= Beginning of Section =

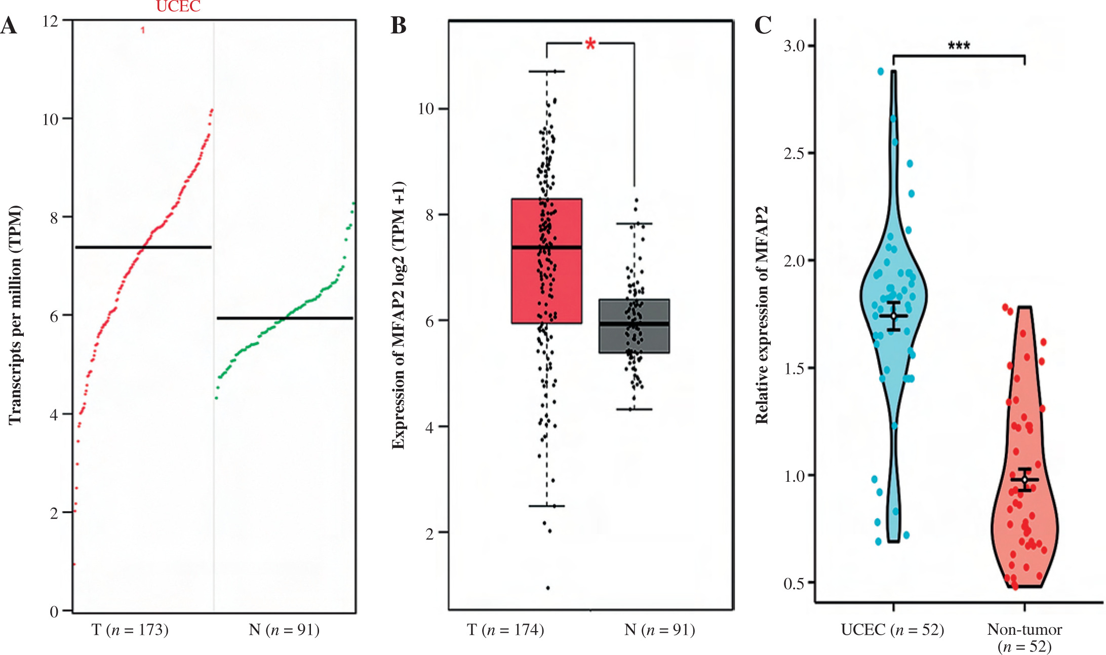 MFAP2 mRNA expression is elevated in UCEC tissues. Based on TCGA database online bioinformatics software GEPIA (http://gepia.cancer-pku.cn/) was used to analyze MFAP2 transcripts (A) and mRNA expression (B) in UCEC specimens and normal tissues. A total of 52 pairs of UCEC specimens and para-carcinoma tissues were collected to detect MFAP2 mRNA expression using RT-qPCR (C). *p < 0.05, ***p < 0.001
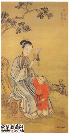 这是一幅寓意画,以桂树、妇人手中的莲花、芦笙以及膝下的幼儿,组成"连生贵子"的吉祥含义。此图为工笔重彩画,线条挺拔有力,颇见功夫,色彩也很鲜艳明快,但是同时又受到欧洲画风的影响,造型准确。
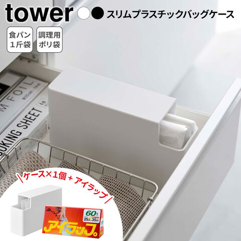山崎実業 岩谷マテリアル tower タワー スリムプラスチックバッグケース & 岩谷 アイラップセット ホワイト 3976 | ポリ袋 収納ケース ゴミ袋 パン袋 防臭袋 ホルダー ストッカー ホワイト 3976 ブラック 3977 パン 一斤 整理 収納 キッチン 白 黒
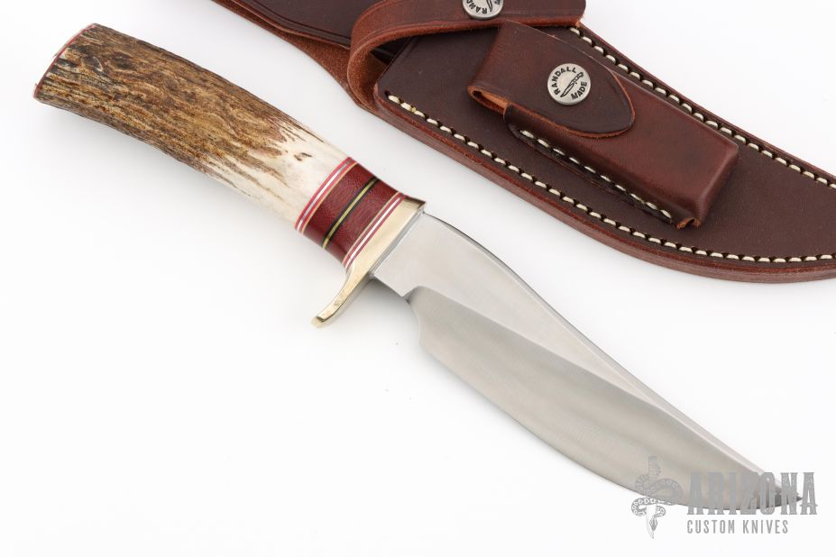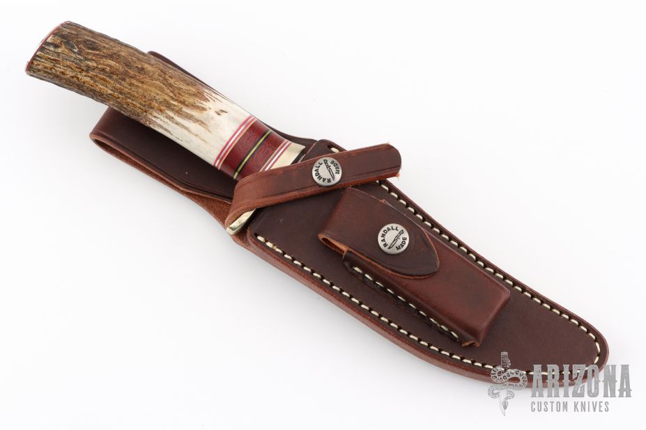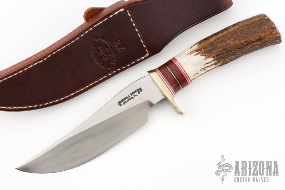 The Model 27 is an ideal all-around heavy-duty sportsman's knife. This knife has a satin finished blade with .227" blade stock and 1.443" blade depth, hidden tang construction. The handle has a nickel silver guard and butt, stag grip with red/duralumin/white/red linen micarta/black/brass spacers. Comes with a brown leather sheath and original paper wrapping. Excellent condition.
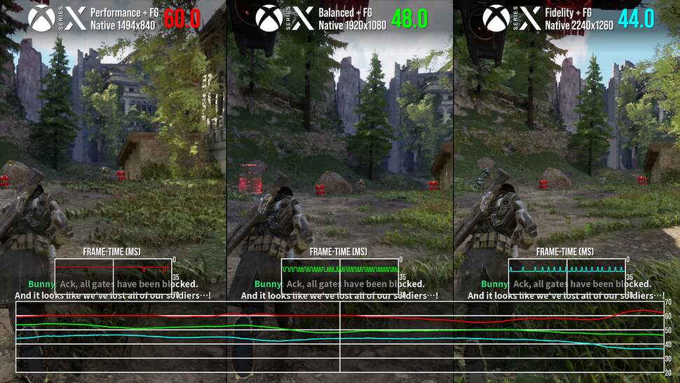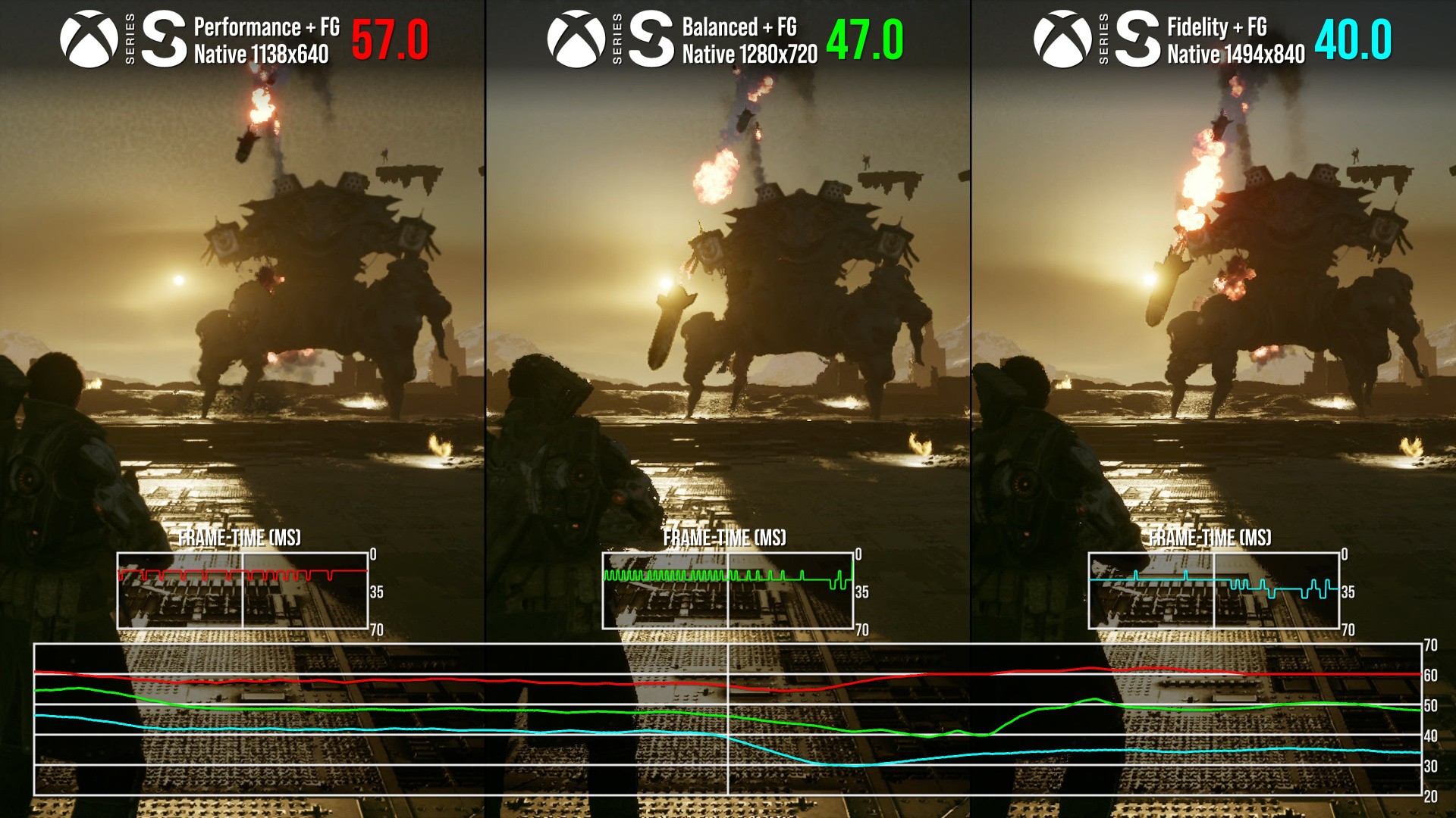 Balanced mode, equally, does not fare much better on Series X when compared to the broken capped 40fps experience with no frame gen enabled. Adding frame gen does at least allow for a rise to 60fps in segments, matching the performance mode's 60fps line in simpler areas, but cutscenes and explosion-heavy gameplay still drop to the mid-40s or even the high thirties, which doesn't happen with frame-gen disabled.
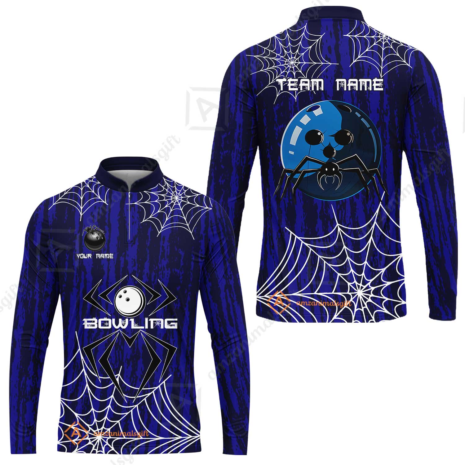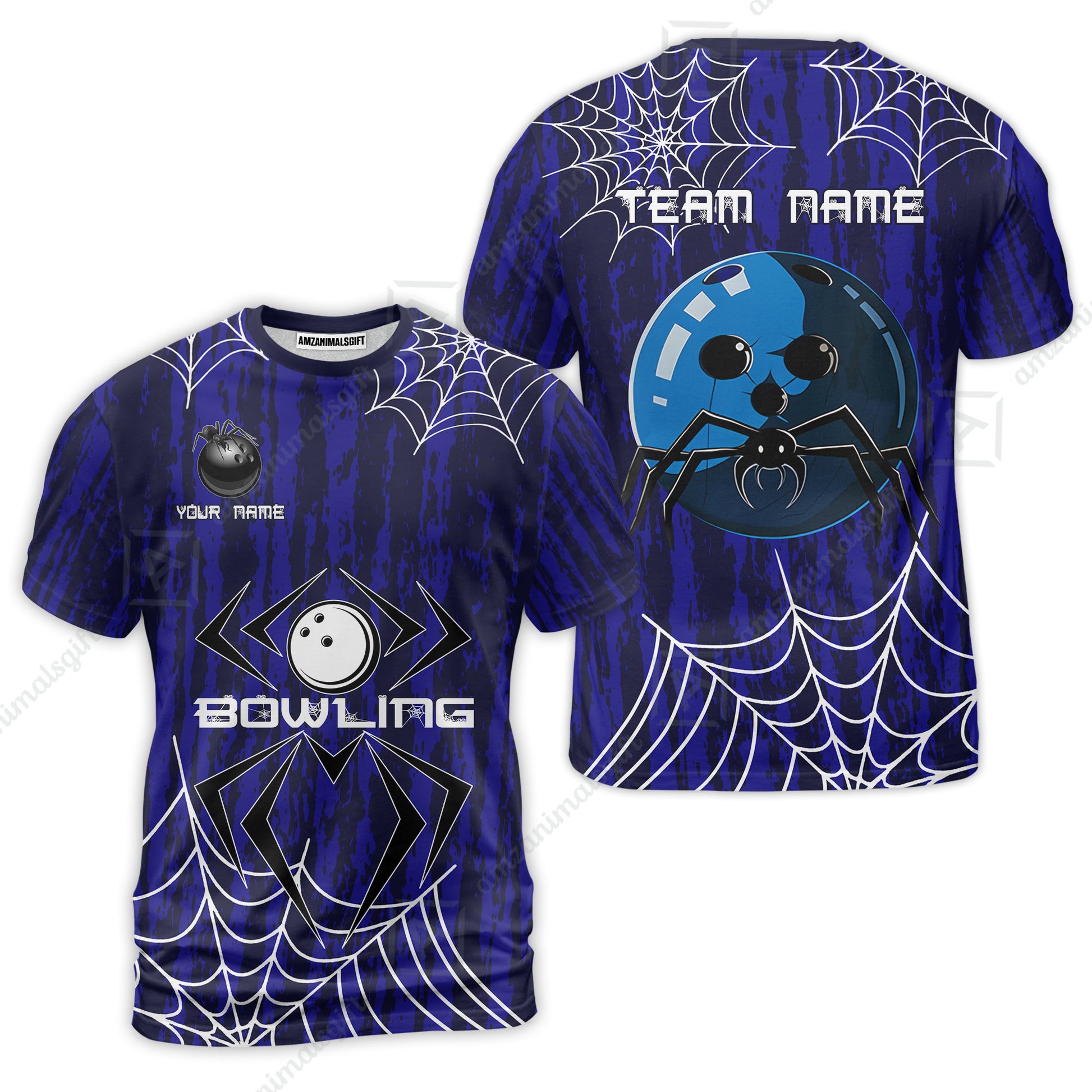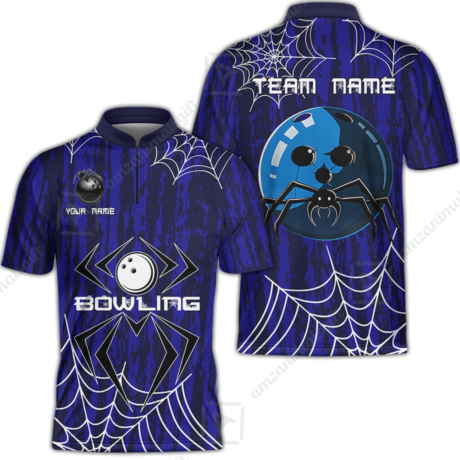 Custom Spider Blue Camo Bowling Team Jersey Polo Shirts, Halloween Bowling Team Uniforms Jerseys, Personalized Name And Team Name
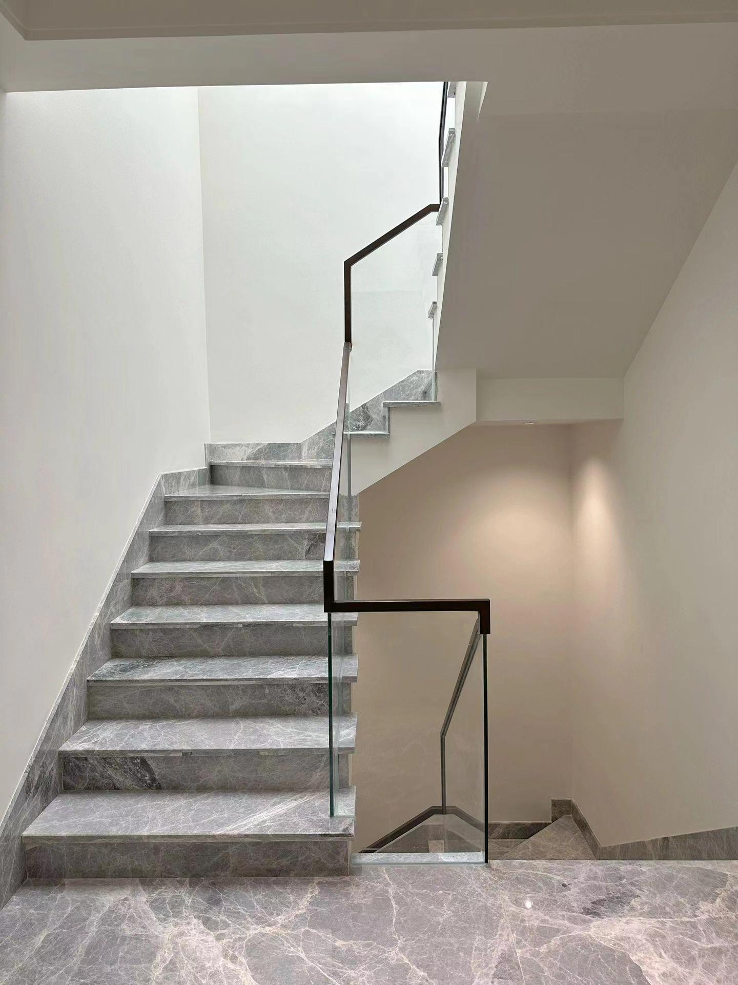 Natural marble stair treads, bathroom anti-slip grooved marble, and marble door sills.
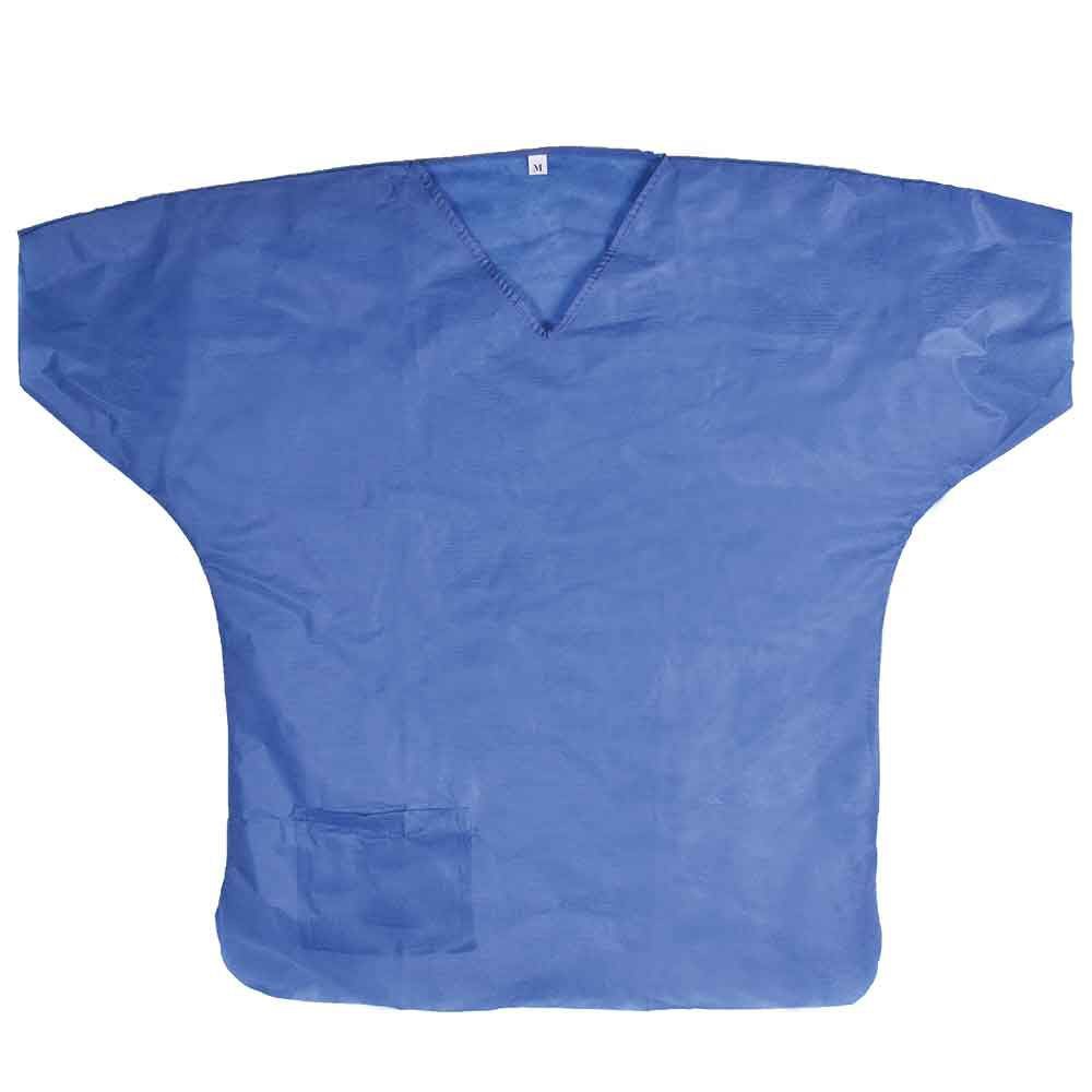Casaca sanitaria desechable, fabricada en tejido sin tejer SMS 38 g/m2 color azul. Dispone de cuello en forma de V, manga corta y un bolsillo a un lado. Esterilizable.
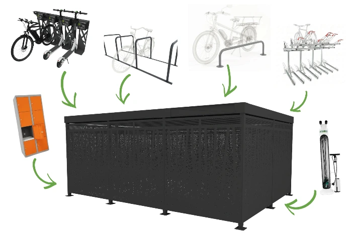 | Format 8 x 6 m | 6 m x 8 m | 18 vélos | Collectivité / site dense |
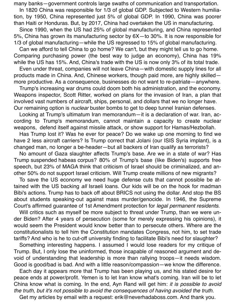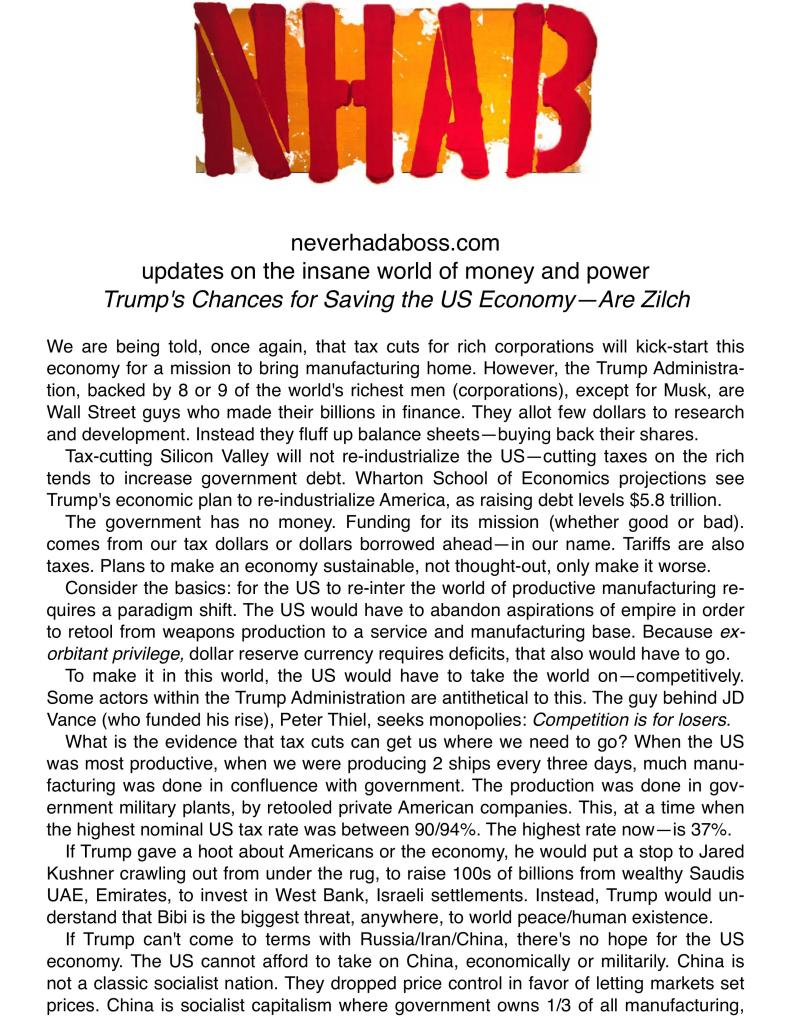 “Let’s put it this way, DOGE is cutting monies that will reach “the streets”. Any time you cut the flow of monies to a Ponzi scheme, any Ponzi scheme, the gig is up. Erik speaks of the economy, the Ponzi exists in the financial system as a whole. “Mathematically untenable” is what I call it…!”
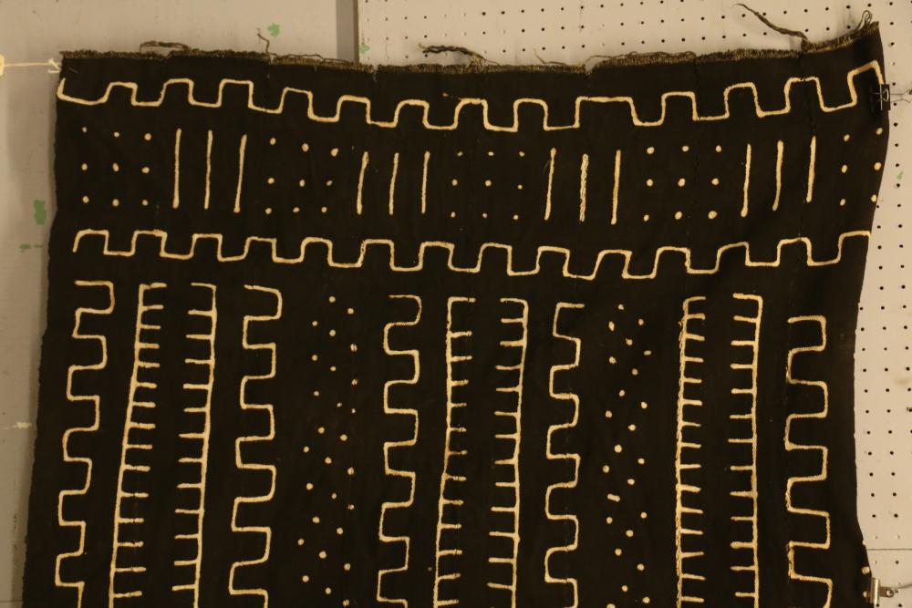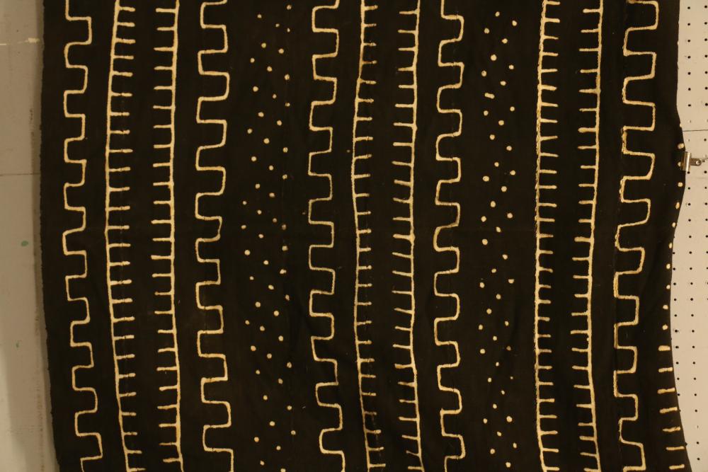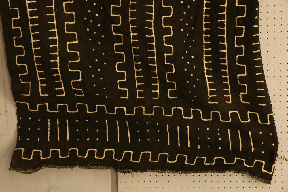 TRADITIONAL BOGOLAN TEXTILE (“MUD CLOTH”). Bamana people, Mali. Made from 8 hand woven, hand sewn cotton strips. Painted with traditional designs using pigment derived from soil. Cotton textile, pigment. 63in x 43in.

= End of Section =

→ **Work request**
From the line holding "put it this" through the last line of the material above, each line should be written out exactly, both included; omit the pictures.

→ **Response for this exercise**
 “Let’s put it this way, DOGE is cutting monies that will reach “the streets”. Any time you cut the flow of monies to a Ponzi scheme, any Ponzi scheme, the gig is up. Erik speaks of the economy, the Ponzi exists in the financial system as a whole. “Mathematically untenable” is what I call it…!”
 TRADITIONAL BOGOLAN TEXTILE (“MUD CLOTH”). Bamana people, Mali. Made from 8 hand woven, hand sewn cotton strips. Painted with traditional designs using pigment derived from soil. Cotton textile, pigment. 63in x 43in.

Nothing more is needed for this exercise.